### DATA UNDER STUDY:
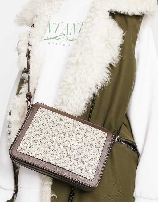 Dune – Brązowa żakardowa torebka crossbody z logo
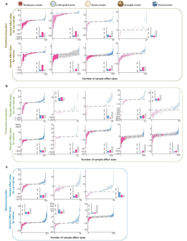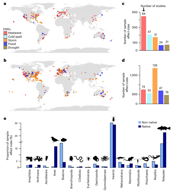 Xuan Liu and colleagues built a database covering 187 non-native and 1,852 native species experiencing different kinds of EWEs including heatwaves, cold spells, storms, floods, and droughts across seventeen classes in terrestrial, freshwater, and marine ecosystems in the past seventy years.
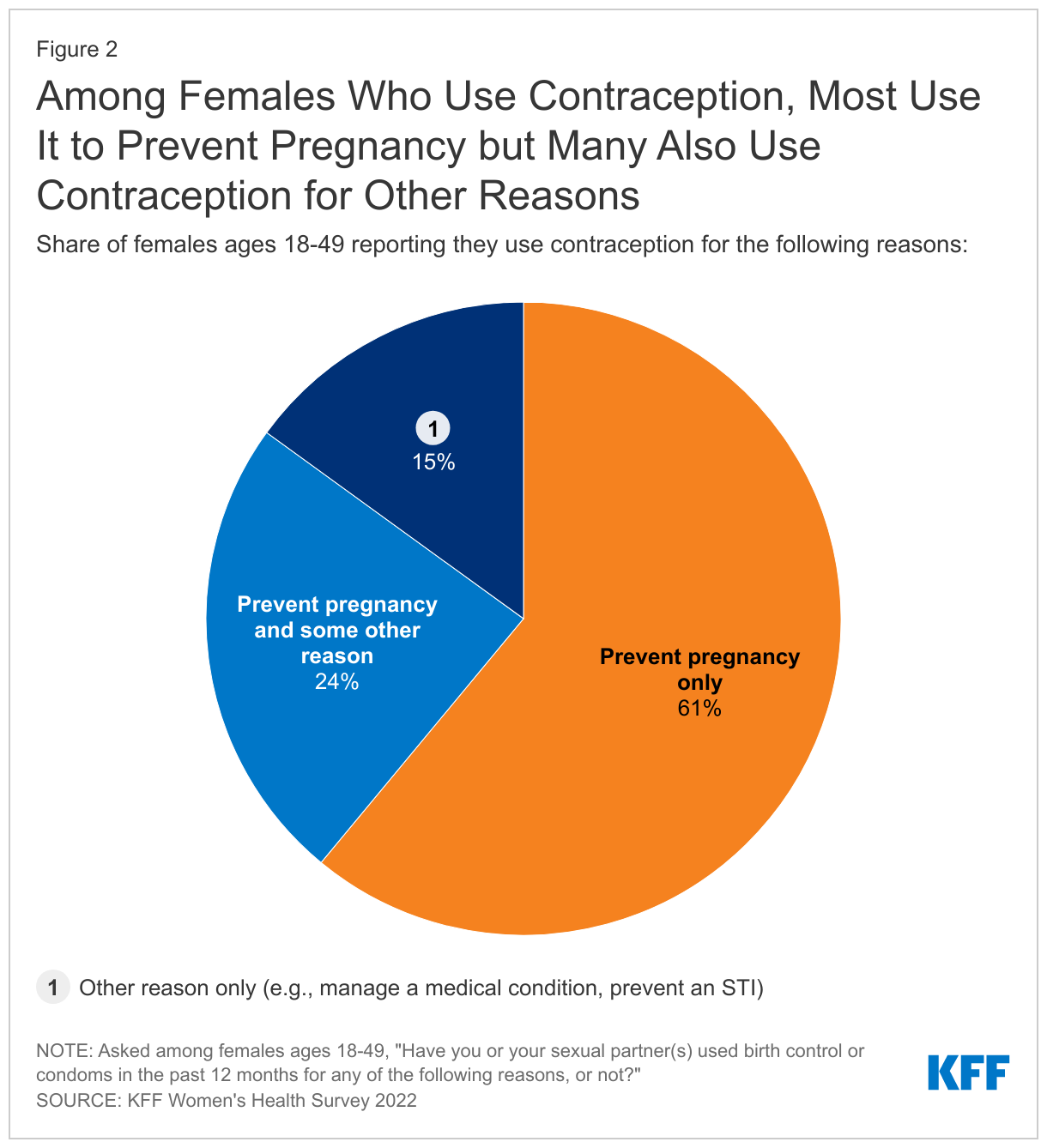 Among females who are using contraception, six in ten (61%) say they use contraception only to prevent pregnancy, but almost one-quarter (24%) say they use contraception both to prevent pregnancy and some other reason (Figure 2). One in seven (15%) use contraception solely for a reason not related to preventing pregnancy such as managing a medical condition or preventing a sexually transmitted infection (STI).
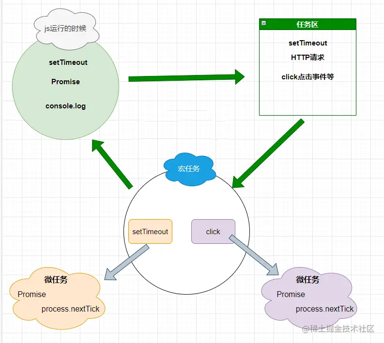 这里简单解答一下,就是当js执行的时候将所有任务丢到任务区,然后经过任务区识别并进行分拣处理,当遇到比如定时器或者点击事件这类需要消耗大量时间的任务,会存到任务队列,然后划分为宏任务,并将他们细分到微任务解决,也就是让这些复杂的逻辑处理放到宏任务队列之后,让他们自己内部消化处理。
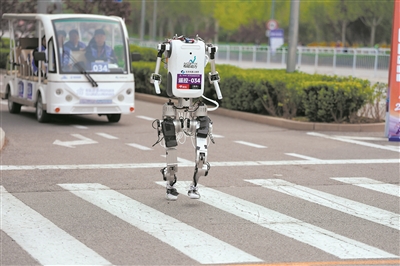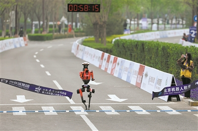 4月19日,齐天大圣队自主人形机器人选手闪电在比赛中冲线。
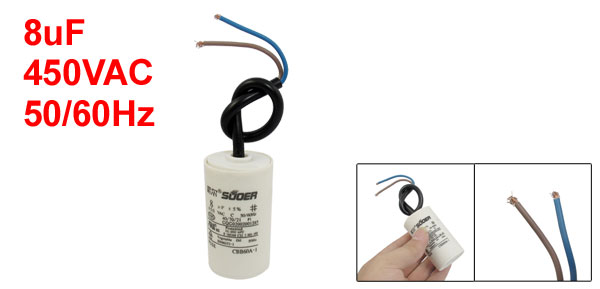 Product Name Polypropylene Film Capacitor Housing Material Plastic Dielectric Material Polypropylene Model CBB60A-1 Capacitance 8uF Tolerance ±5% Rated Voltage 450VAC Frequency 50/60Hz Body Size 3.4 x 6.2cm/ 1.34" x 2.44" (D*H) Cable Length 19cm/ 7.5" Color White, Black Weight 58g Package Content 1 x Polypropylene Film Capacitor - Reviews
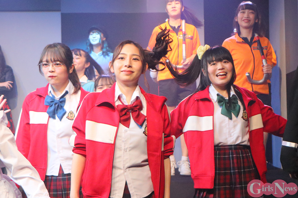 校長・須磨勝子役の新木美優さんは「全14曲を振付しました。私が作り出したものをみんなに踊って頂いて、それをお客さんにお届けしてどんな反応いただけるか、すごく緊張しております」とそれぞれ語った。
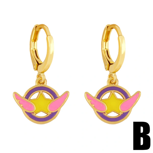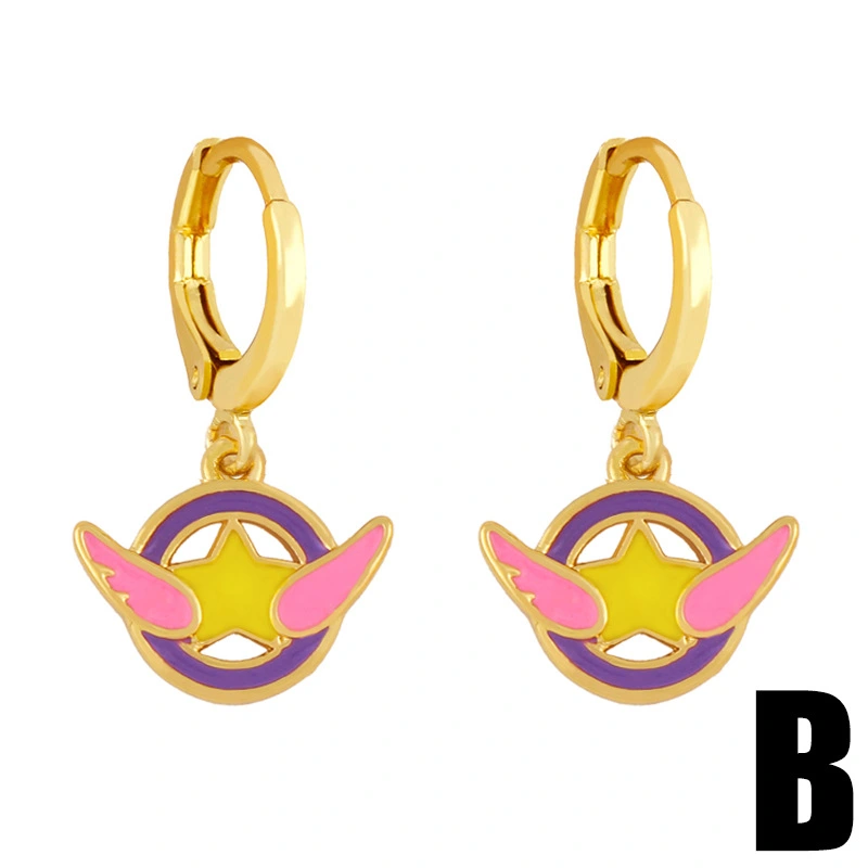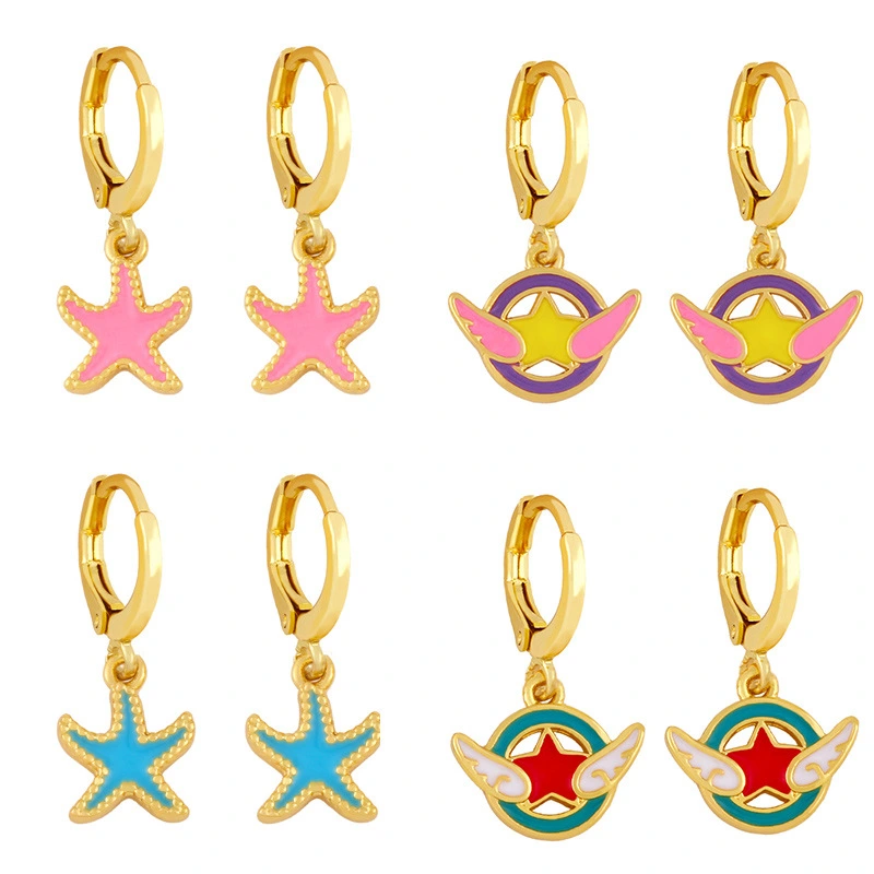 Boucles d'oreilles créatives en forme d'ailes d'ange, étoiles à cinq branches, style européen et américain, style goutte d'huile, géométriques, erx79

### TASK INSTRUCTIONS:
Omitting all pictures, restate exactly the lines of the material from its start through the line that contains "Xuan Liu and".

### SOLUTION TO THIS TASK:
 Dune – Brązowa żakardowa torebka crossbody z logo
 Xuan Liu and colleagues built a database covering 187 non-native and 1,852 native species experiencing different kinds of EWEs including heatwaves, cold spells, storms, floods, and droughts across seventeen classes in terrestrial, freshwater, and marine ecosystems in the past seventy years.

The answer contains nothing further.